While the previous two beers in clear glass were really pale and golden, this one was more of a copper colour. A white coloured head was relatively easily formed, but it did fizz a bit while pouring and it dropped to a patch and then a ring round the edge of the glass fairly quickly. As stated, this beer had some Rhubarb and Custard crossed with Pear Drop aromas, they weren’t as bad as the Indian Summer or the Horizon, but they were there. Once you got past those though, there was a maltiness that revealed itself, with subtle hints of marmalade even.

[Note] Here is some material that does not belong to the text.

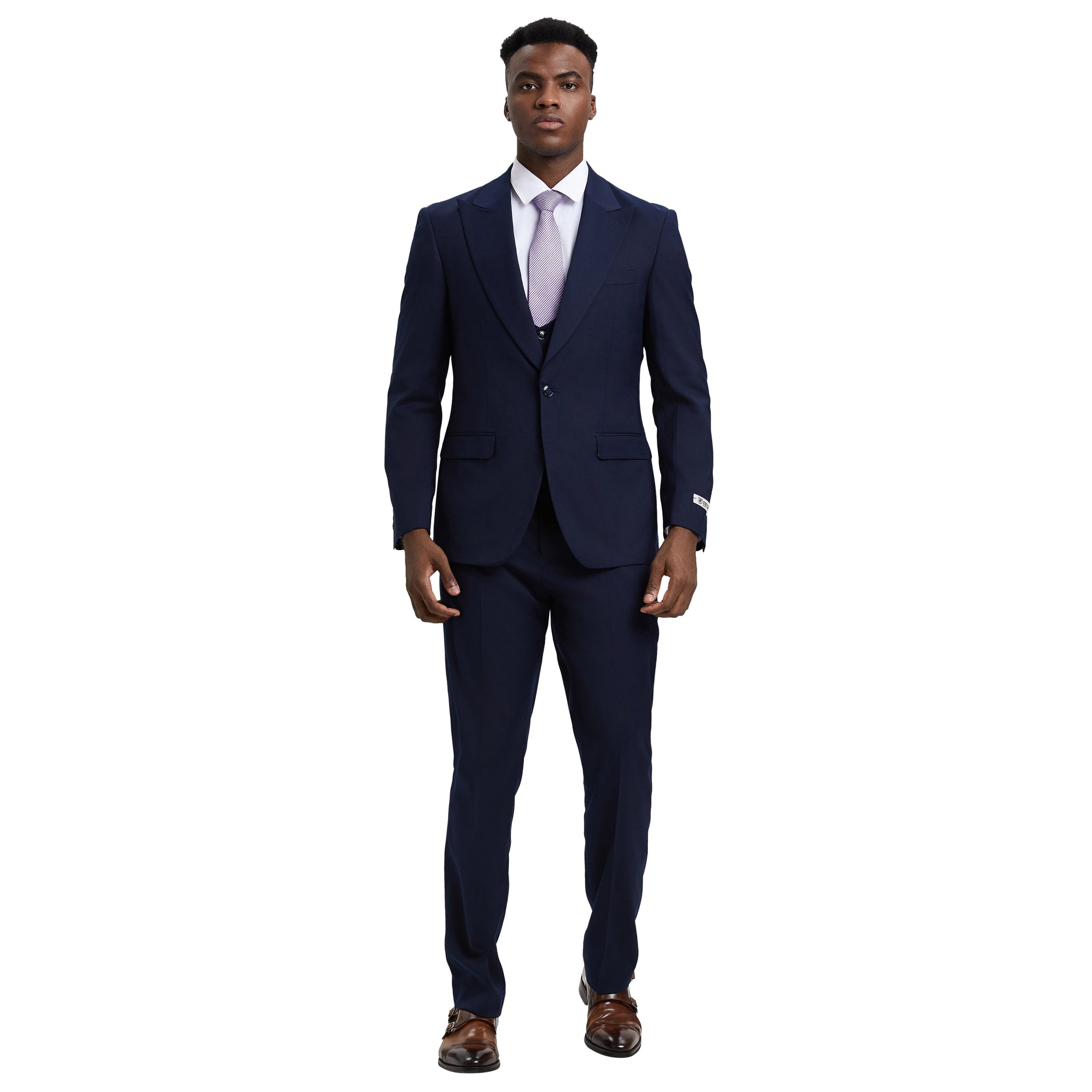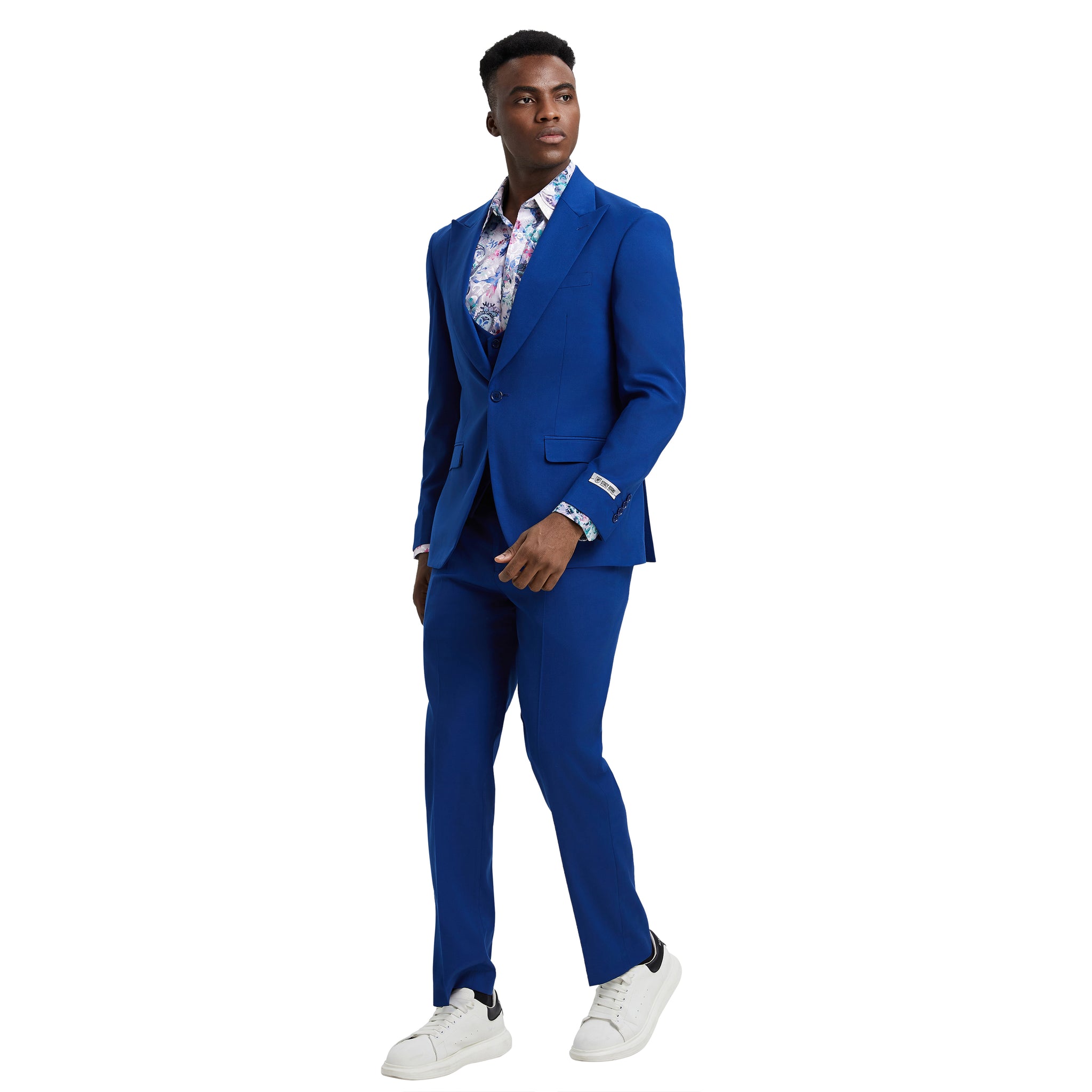 Experience timeless sophistication with the Stacy Adams Hybrid-Fit 3pc Suit Set in serene sky blue, meticulously crafted for the modern gentleman. The solid sky blue jacket boasts a two-button front closure, peak lapel, and underarm sweat guards, ensuring both style and comfort. Complementing the ensemble, the sky blue U-shaped vest features a four-button closure for added refinement. The flat-front sky blue pants, complete with an expandable waistband and functional pockets, offer unparalleled versatility. Available in slim-fit sizes 36-44 and modern-fit sizes 46-62, this sky blue suit set caters to diverse preferences, promising a tailored look for every occasion. Unleash your confidence and sophistication with the Stacy Adams Hybrid-Fit 3pc Suit Set in sky blue.
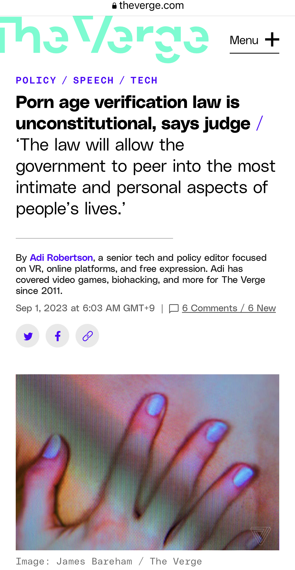 최근 텍사스 주를 비롯해 몇몇 주에서는 포르노가 업로드되는 성인용 웹사이트에 접속시, 정부에서 발행한 운전면허증 등 성인임을 인증해야 접속이 가능하도록 하는 법안을 통과시켰는데, 그러나 미국 연방 법원은 이것이 위헌이라는 판결을 내림

In the mouth the Rhubarb and Custard crossed with Pear Drop flavours weren’t really there, they were, but just really subtle and quickly swamped by other flavours. There was quite a bit of flavourful malt to start with, which was a good foundation for a pleasant wave of bitterness that swept through the mouth. There was unfortunately a bit of cardboard after that, which luckily faded quickly and left the mouth with a slightly juicy, subtle bitter orange marmalade aftertaste. Once all the flavours had gone however, the back of the mouth was left with a really nasty flavour.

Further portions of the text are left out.